Vigilant was launched in 1780 at Sunderland as Alfred but in 1783 new owners renamed her. She became a West Indiaman and then a slave ship in the triangular trade in enslaved people. As she was gathering slaves on the coast of Africa the slaves on board captured her and ran her aground, a relatively rare instance of a shipboard insurrection, and a successful one at that.

==Career==
Alfred first appeared in Lloyd's Register (LR) in 1783.

| Year | Master | Owner | Trade | Source |
|---|---|---|---|---|
| 1783 | R.Kellock | E.Askell | Stockholm–Hull | LR |

In 1783 new owners renamed Alfred Vigilant.

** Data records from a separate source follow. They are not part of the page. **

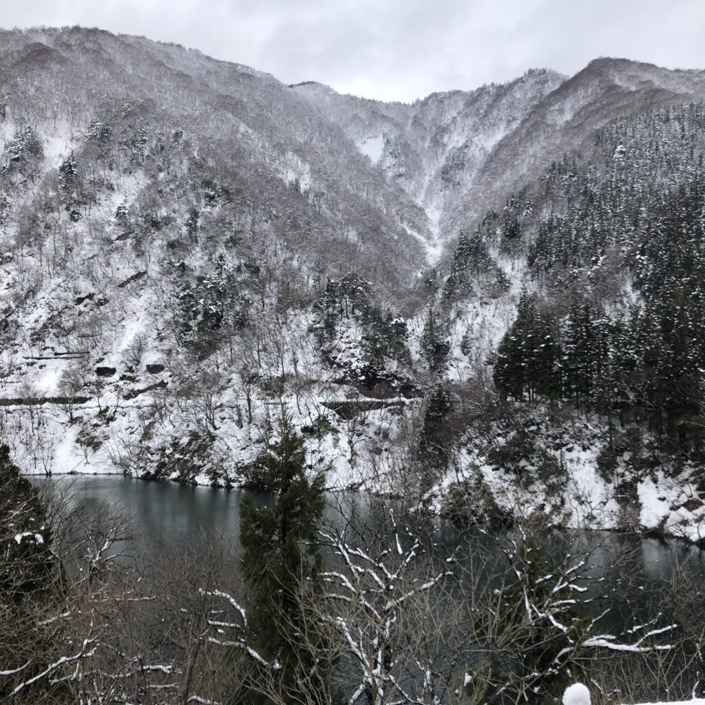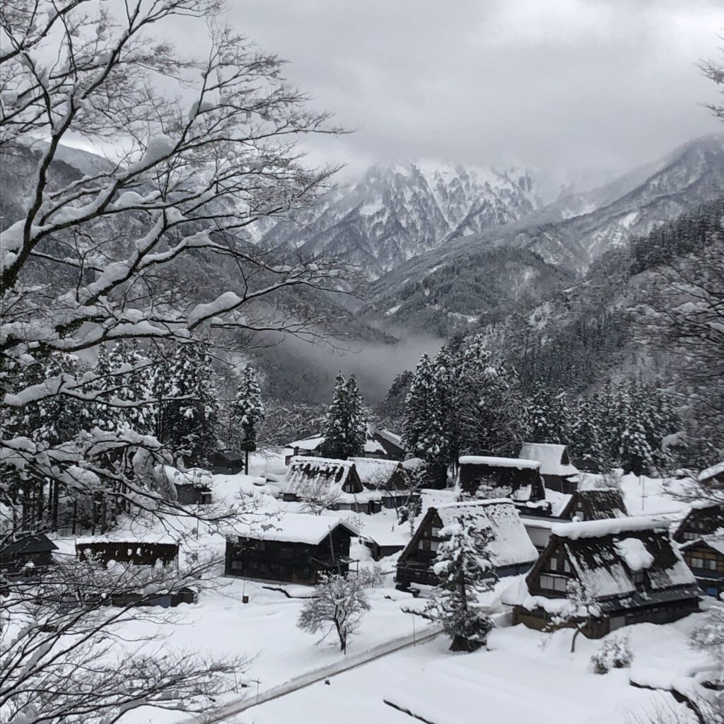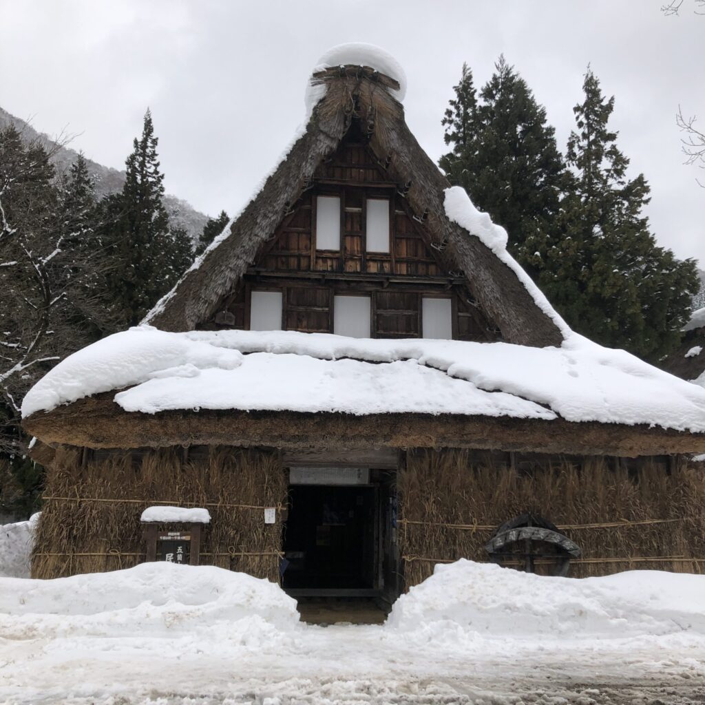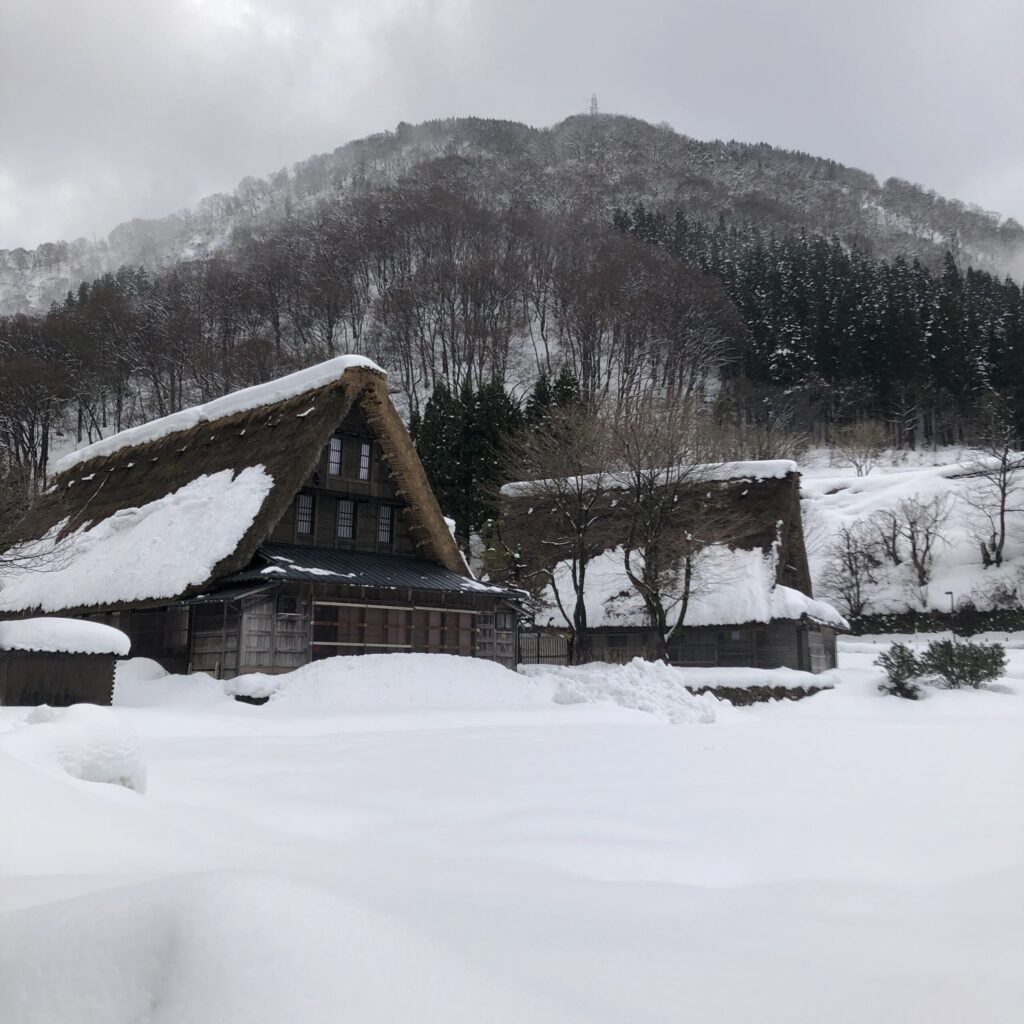 ここは相倉よりもさらに小規模で、飲食店は閉まっており、お土産屋さんが一軒だけ開いていました。静まり返った集落に雪がしんしんと降り積もり、まるで昔の日本にタイムスリップしたような感覚。真っ白な雪の中に佇む合掌造りの家々は息を呑む美しさでした。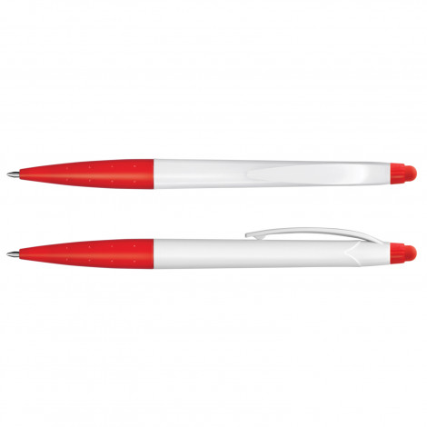 Twist-action plastic ballpoint pen with a white barrel and a stylus. The pen has a black refill with 500 metres of writing ink.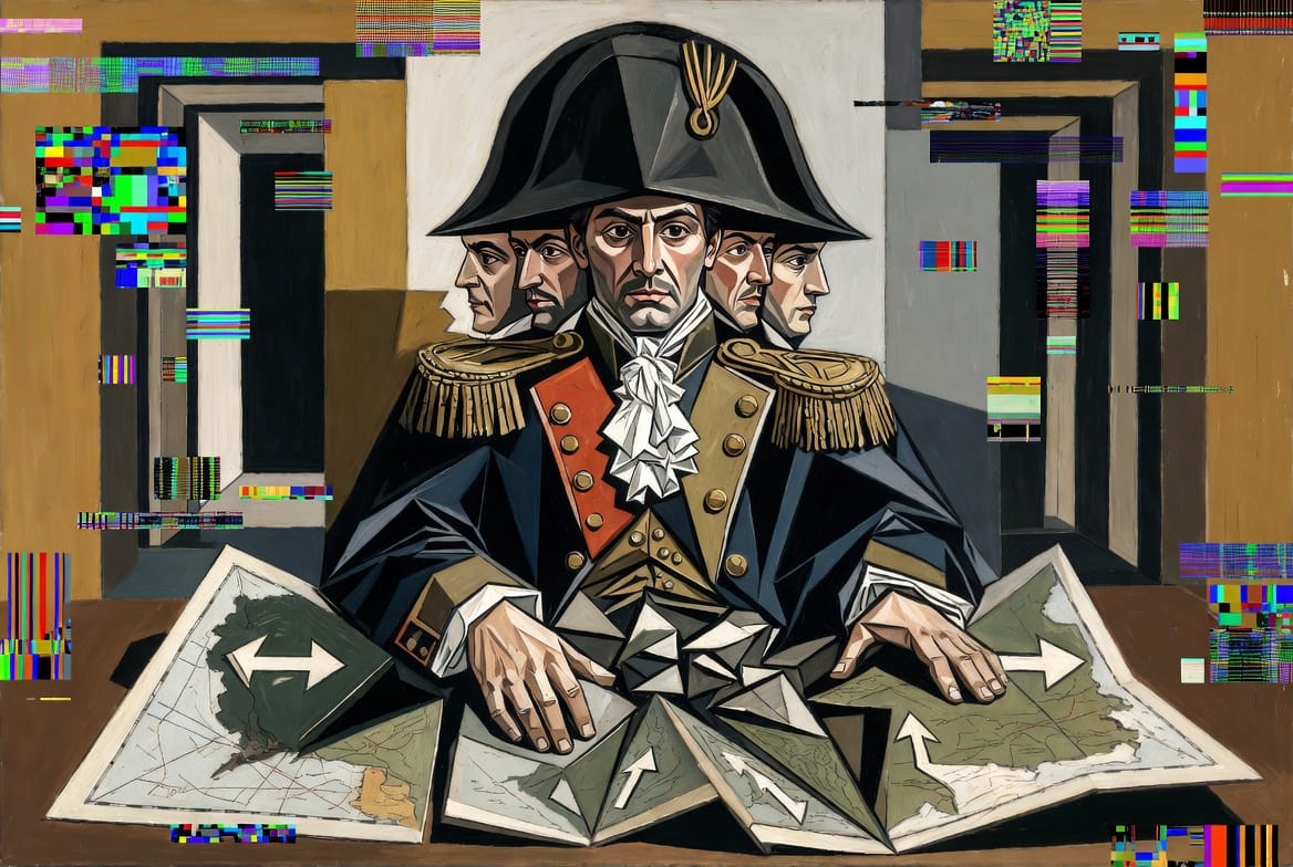C'est l'aveuglement de Napoléon devant la carte de Russie : il voit les flèches qu'il trace, pas l'hiver qui vient.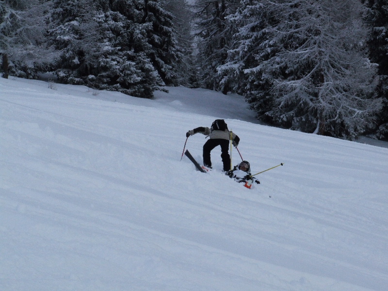 Grande tecnica di Wally con Fummino che segue a ruota. Magister Pepo vola mentre il sottoscritto affina la nuova tecnica di freeride senza bastoncini: arrivato alla sera avevo due cosce che sembravo Bergomi!
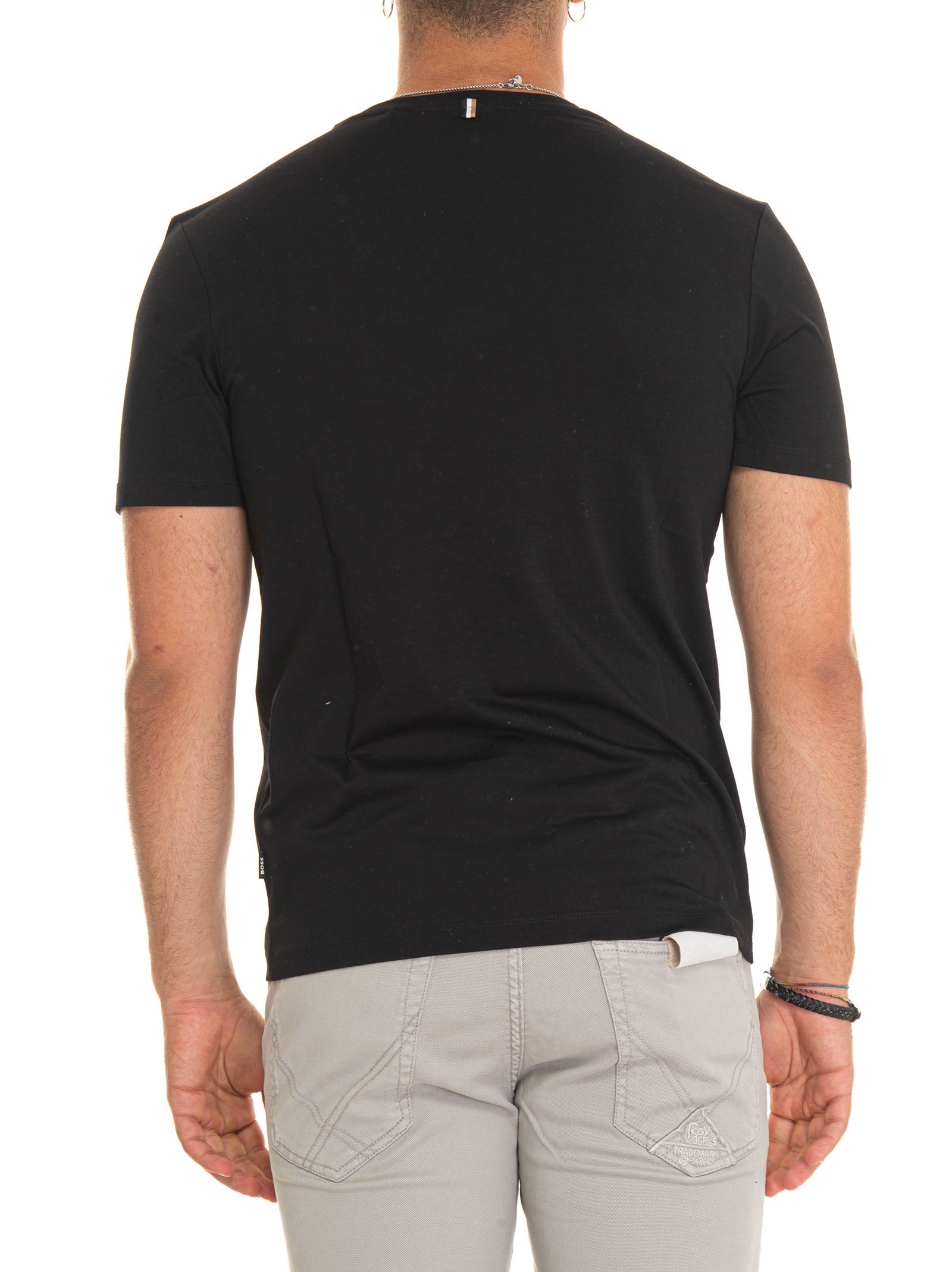 T-shirt girocollo mezza manica, logo dietro al collo, tinta unita, tessuto ultra-leggero, logo cucito sul fondo, composizione: 100% cotone, linea: BOSS.
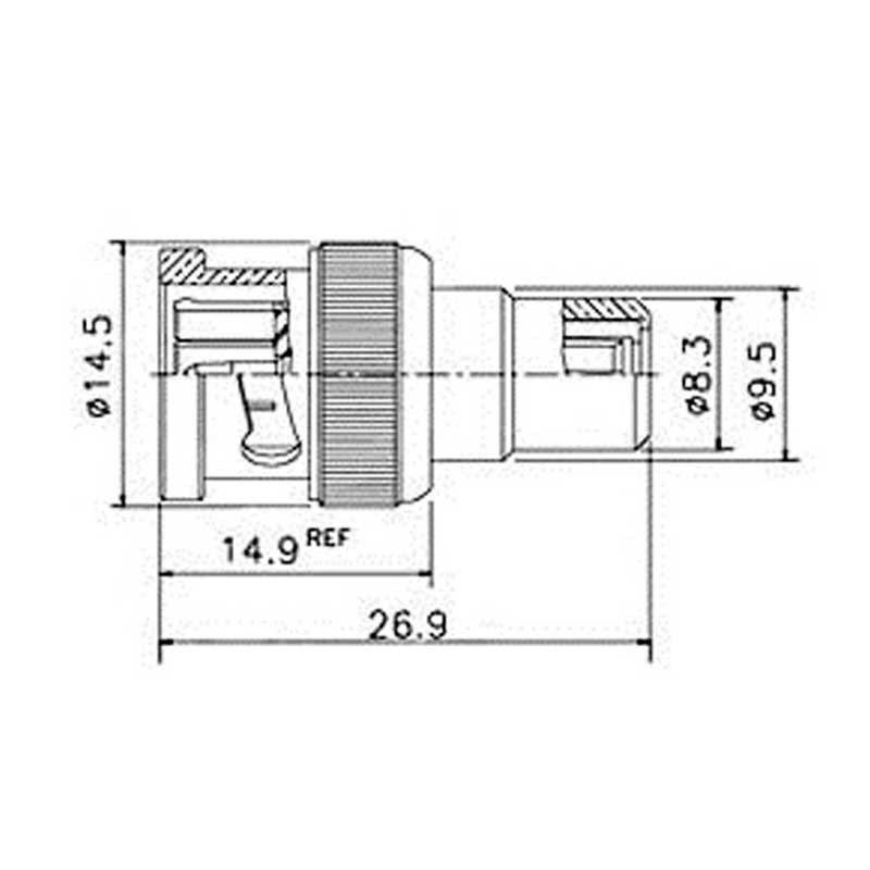 Conector adaptador con conexión BNC macho a conexión RCA hembra fabricado en metal chapado en Níquel de color plata.
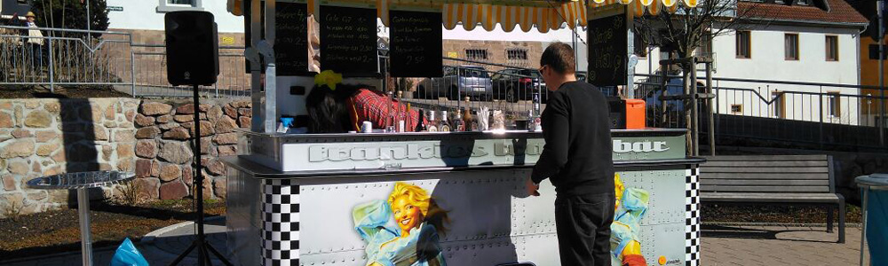 Einmalig in Südbaden ist unsere Trailerbar. Es handelt sich hierbei um einen ehemaligen Faltwohnwagen, der aufwändig zur mobilen Bar umgebaut wurde.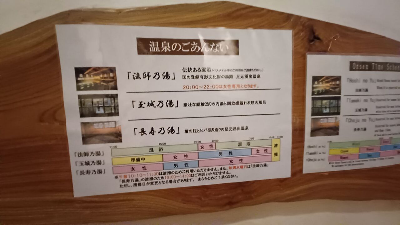 それぞれ時間によって男女の入れ替えがありますが、法師乃湯だけは混浴の時間が。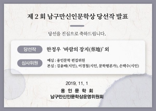 용인시는 1일 ‘제2회 약천 남구만 신인문학상’ 당선작으로 한정우(56, 용인)씨의 ‘바람의 장지(葬地)’외 6편이 선정됐다고 밝혔다. 이 문학상은 용인출신의 조선시대 문신 약천 남구만(11629~1711)의 문학세계를 계승하기 위해 마련했다. 용인문학회가 주최하고 용인시와 의령 남씨 문충공파 종중이 후원했다. …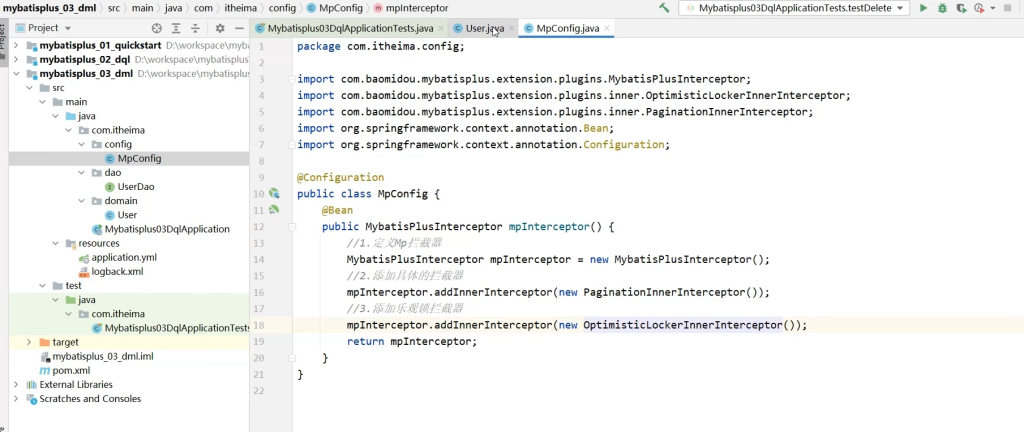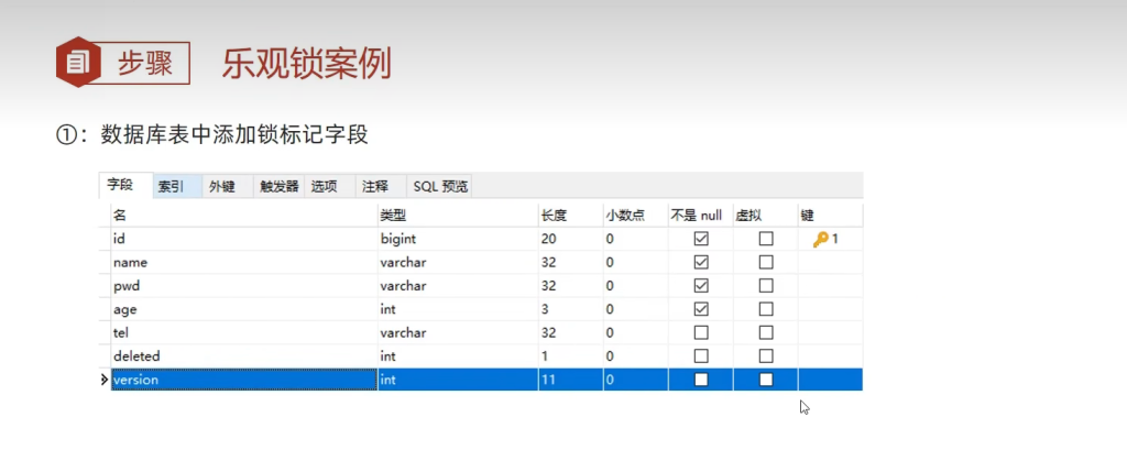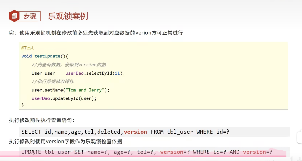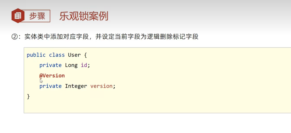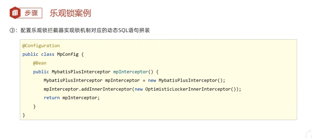 乐观锁 admin | 2024-9-21 21:17 | 238 | Mybatis,MybatisPlus 74 字 | 1 分钟内 第一步:在库里加字段(任意): 去实体属性里加这个字段:加注解@Version 加一个拦截器 名字:OptimisticLockerInnerInterceptor: 小结: 一:加字段 二:配字段 三:使用拦截器动态增加sql语句: 4: 博客内容均系原创,未经允许严禁转载! 豆 暂无评论 发送评论 编辑评论 正在回复 的评论 : 取消回复 Markdown 邮件提醒 发送 编辑 取消 |´・ω・)ノヾ(≧∇≦*)ゝ(☆ω☆)(╯‵□′)╯︵┴─┴ ̄﹃ ̄(/ω\)∠( ᐛ 」∠)_(๑•̀ㅁ•́ฅ)→_→୧(๑•̀⌄•́๑)૭٩(ˊᗜˋ*)و(ノ°ο°)ノ(´இ皿இ`)⌇●﹏●⌇(ฅ´ω`ฅ)(╯°A°)╯︵○○○φ( ̄∇ ̄o)ヾ(´・ ・`。)ノ"( ง ᵒ̌皿ᵒ̌)ง⁼³₌₃(ó﹏ò。)Σ(っ °Д °;)っ( ,,´・ω・)ノ"(´っω・`。)╮(╯▽╰)╭o(*////▽////*)q>﹏<( ๑´•ω•) "(ㆆᴗㆆ)😂😀😅😊🙂🙃😌😍😘😜😝😏😒🙄😳😡😔😫😱😭💩👻🙌🖕👍👫👬👭🌚🌝🙈💊😶🙏🍦🍉😣Source: github.com/k4yt3x/flowerhd 颜文字Emoji小恐龙花! × × 上一篇ID生产策略,多记录操作,逻辑删除下一篇 代码生成器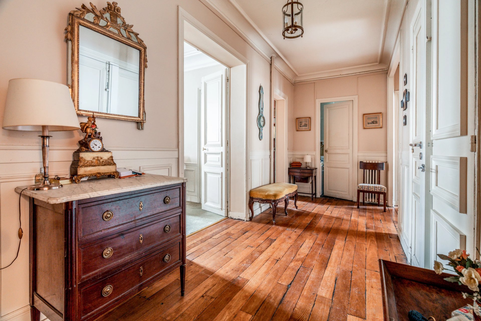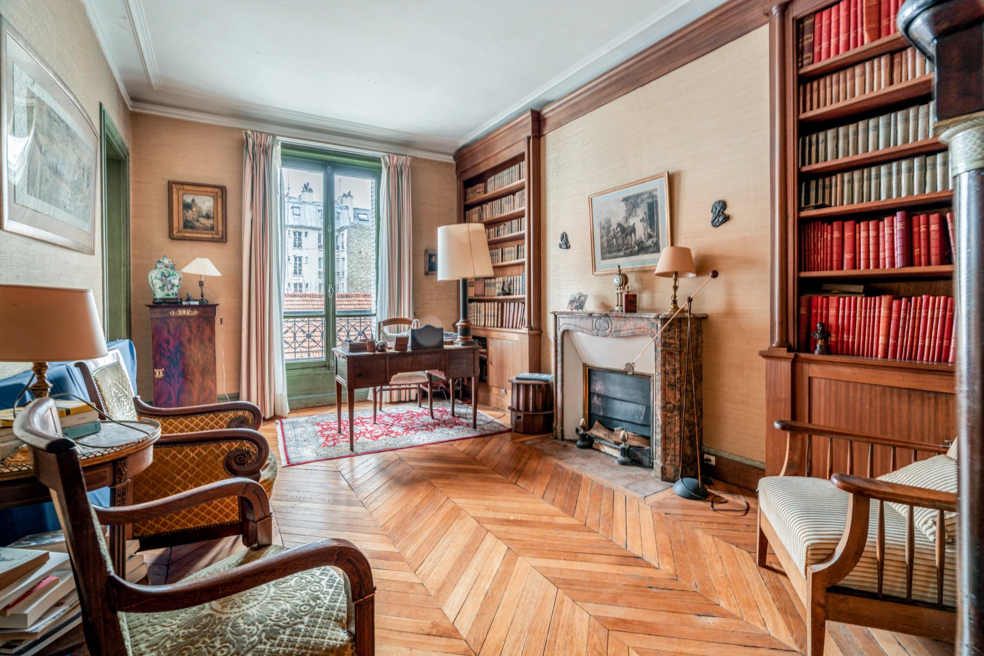 Period features include parquet flooring and fireplaces.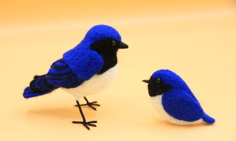 羊毛は、ニードルフェルトとも呼ばれる手芸で、羊の毛を専用の針でチクチク刺しながらフェルト化し造形します。あまり大きな作品には向いておらず10㎝くらいの大きさのものが作りやすいです。体験学習では野鳥をモチーフとしたブローチを作成しています。短い時間での作成になっていますが、毎回個性的で素敵な作品が作られています。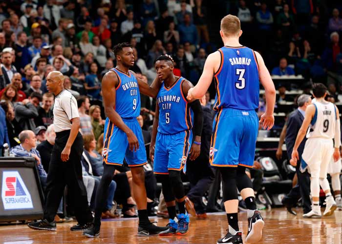 Tampoco Taj Gibson ni Andre Robertson jugaron, en momentos en que Oklahoma City se prepara para una serie de la primera ronda de los playoffs ante Houston. Domantas Sabonis agregó 19 tantos y nueve rebotes.

| Year | Master | Owner | Trade | Source |
|---|---|---|---|---|
| 1784 | Barnwell | A.Calvert | London–New York | LR |
| 1786 | J.Duncan | A.Calvert | London–Barbados | LR |

Slave voyage and loss: Captain J. Duncan sailed from London on 28 March 1786. In October Lloyd's List reported that the Vigilant was at Assamaboe when the enslaved people on board took her over, killed Duncan and the second mate, and ran her ashore.

The 1787 volume of Lloyd's Register carried the annotation "Lost" under her name.

The revolt is one of 493 that appear in a chronology of slave revolts between 1509 and 1865, but with no additional information. Inikori too listed the revolt on Vigilant, with the same information. He also found that of 186 vessels lost to shipwrecks, slave insurrections and attacks by coastal natives, 79 were lost to insurrection and conflict with coastal Africans. Behrendt, in his study of captains in the British slave trade between 1785 and 1807, focused on captains from Liverpool and Bristol. Duncan, therefore, did not enter the study. Still, Behrendt found that although 214 captains died, amounting to 27% of all captains in the trade, only three, or about 1% of the deaths, were due to slave uprisings. Richardson, in his study of slave revolts, found a relatively high incidence of shipboard slave revolts in Senegambia and Upper Guinea, and a generally lower incidence of revolts on ships in the Gold Coast, Bight of Benin,
Bight of Biafra, and West Central Africa. All of this suggests that Vigilants fate, though not unique, was relatively rare.